----- Exercise material

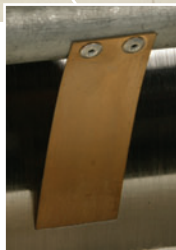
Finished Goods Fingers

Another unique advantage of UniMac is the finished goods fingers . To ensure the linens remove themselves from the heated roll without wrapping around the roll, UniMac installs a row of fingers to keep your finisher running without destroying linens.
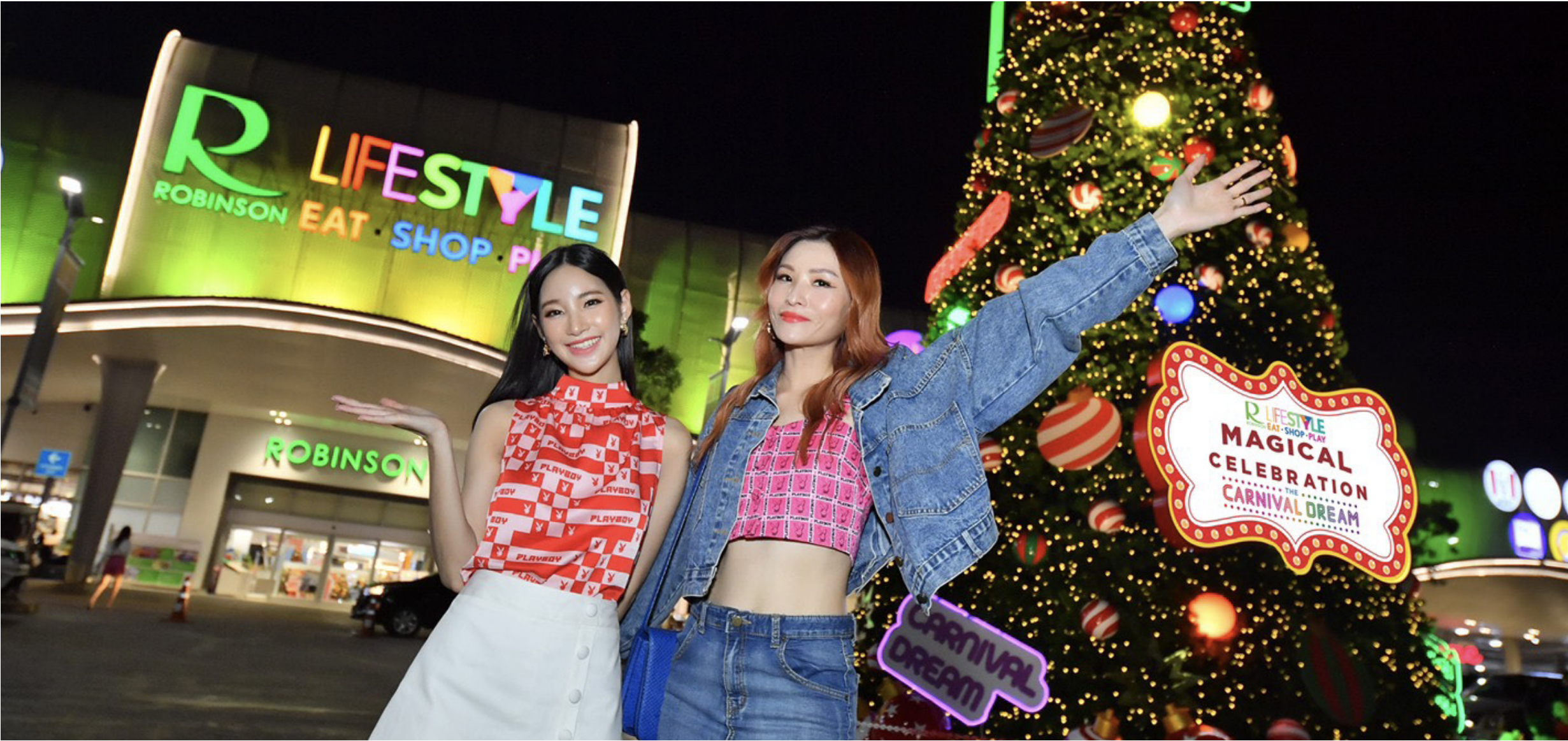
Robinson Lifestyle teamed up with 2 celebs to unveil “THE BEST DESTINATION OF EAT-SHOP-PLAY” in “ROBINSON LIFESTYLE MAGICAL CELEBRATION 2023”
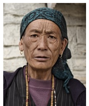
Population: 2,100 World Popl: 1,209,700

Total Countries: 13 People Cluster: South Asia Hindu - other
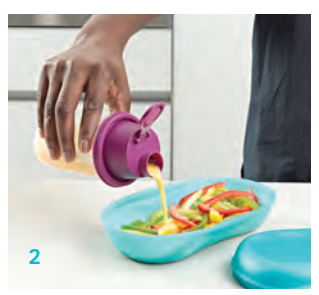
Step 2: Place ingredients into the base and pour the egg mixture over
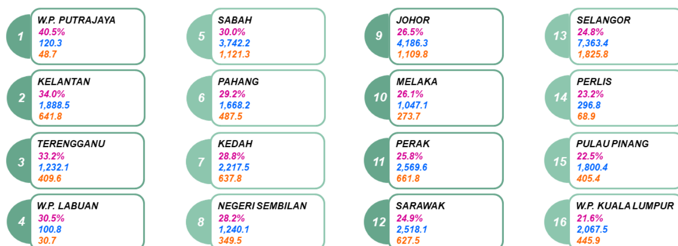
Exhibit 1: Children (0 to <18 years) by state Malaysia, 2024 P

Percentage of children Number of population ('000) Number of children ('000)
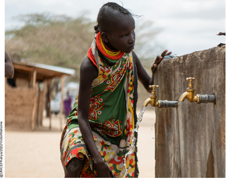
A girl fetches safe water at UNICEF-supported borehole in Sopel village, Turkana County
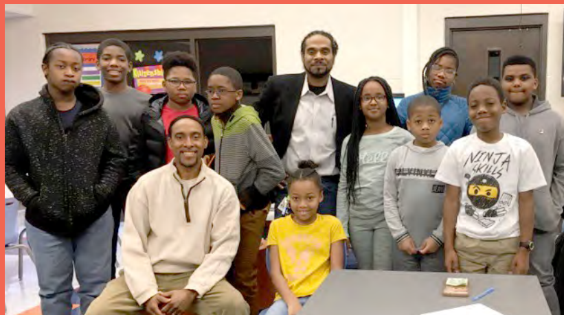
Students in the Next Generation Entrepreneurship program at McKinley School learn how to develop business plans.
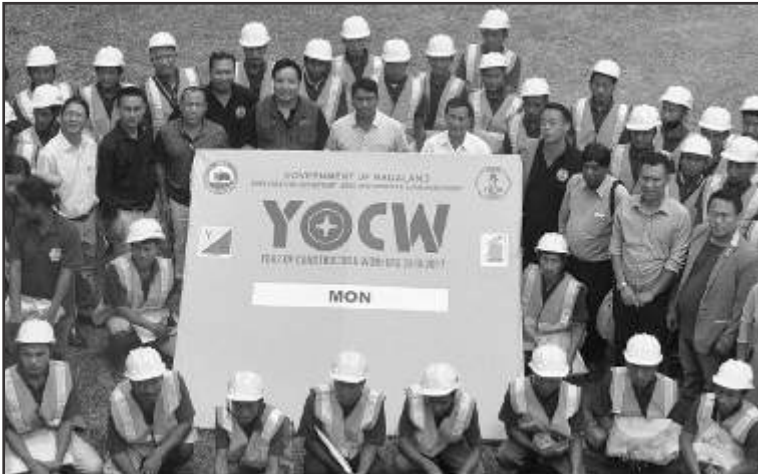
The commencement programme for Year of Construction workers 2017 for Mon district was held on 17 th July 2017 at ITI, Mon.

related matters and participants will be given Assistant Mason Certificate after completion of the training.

----------
----- Exercise material

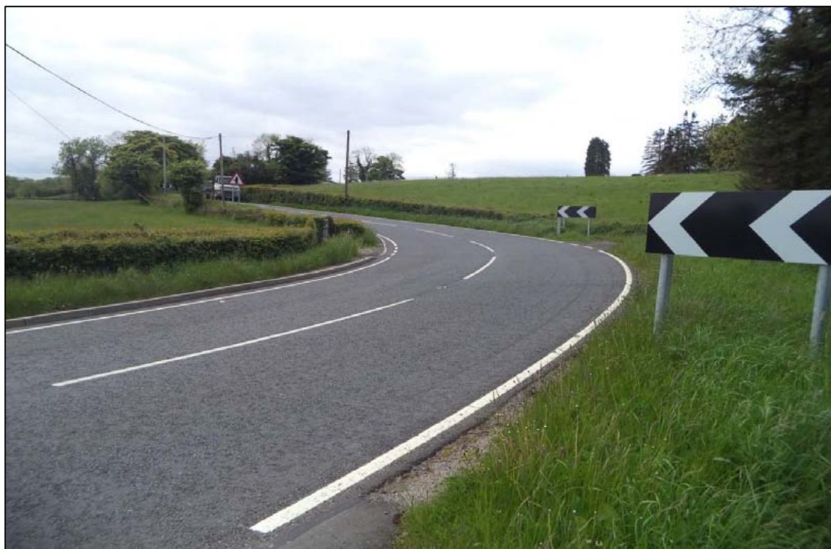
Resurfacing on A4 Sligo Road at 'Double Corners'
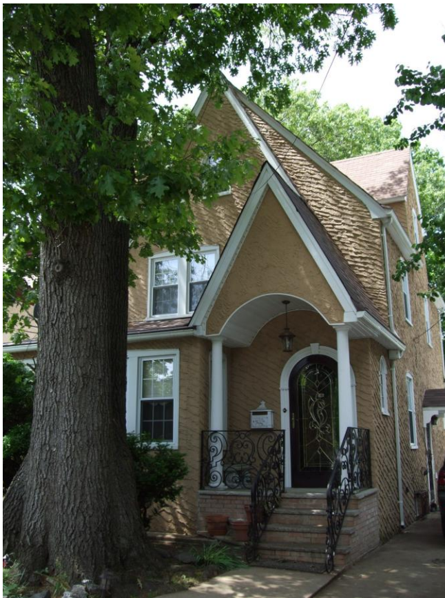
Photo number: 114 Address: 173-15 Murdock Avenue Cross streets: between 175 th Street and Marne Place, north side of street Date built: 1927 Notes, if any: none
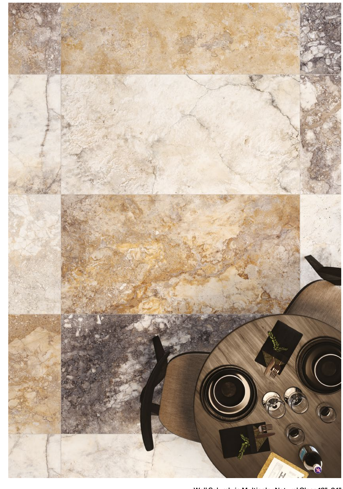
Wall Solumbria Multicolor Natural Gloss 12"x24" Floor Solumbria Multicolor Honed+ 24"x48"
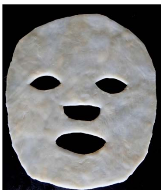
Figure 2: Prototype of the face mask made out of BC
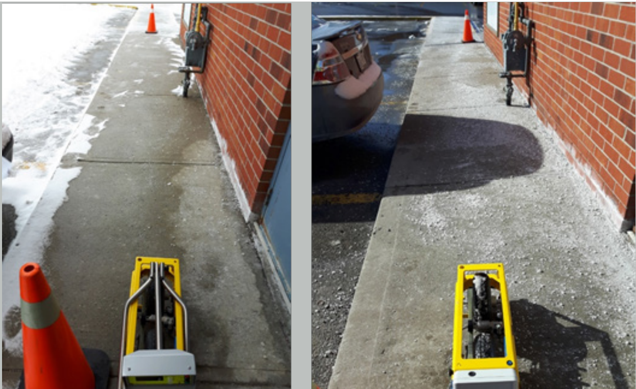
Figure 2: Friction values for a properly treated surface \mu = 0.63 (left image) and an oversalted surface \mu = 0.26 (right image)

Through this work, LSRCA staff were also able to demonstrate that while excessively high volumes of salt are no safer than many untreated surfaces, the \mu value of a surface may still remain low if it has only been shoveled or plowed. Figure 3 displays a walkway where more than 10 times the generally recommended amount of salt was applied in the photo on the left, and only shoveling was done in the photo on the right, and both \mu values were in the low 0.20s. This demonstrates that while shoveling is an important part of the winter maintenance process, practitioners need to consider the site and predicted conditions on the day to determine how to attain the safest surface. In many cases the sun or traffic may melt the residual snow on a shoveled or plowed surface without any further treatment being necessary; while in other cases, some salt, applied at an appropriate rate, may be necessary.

----------
----- Exercise material

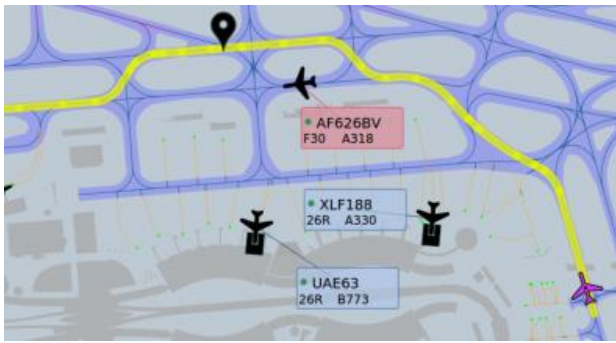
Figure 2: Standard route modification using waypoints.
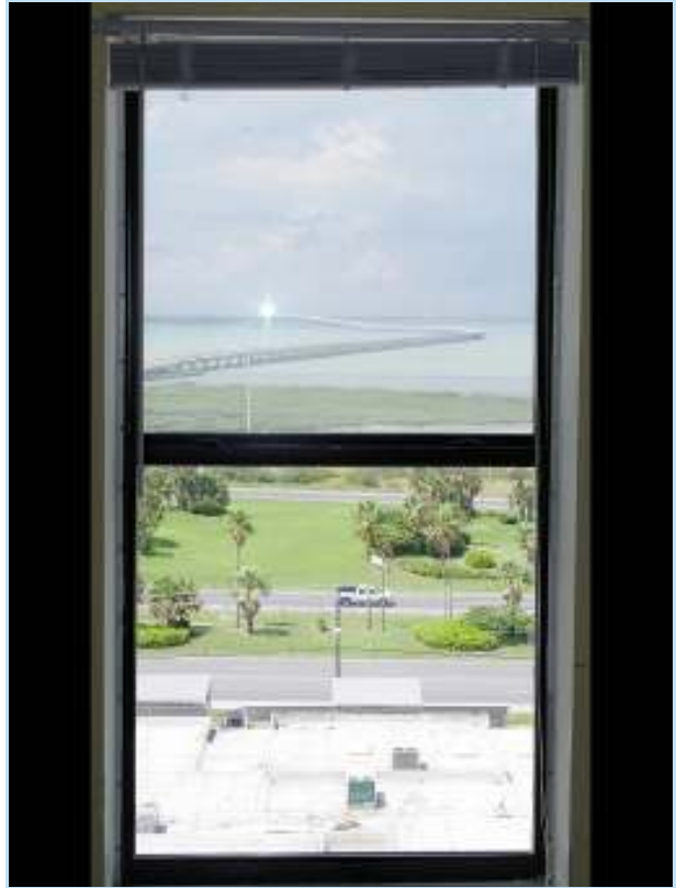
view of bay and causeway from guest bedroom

----------

Your objective
Out of the data above, transcribe exactly and only the lines starting with the line that has "The commencement programme" and going on through the line that has "related matters and", both included.

Output below
The commencement programme for Year of Construction workers 2017 for Mon district was held on 17 th July 2017 at ITI, Mon.

related matters and participants will be given Assistant Mason Certificate after completion of the training.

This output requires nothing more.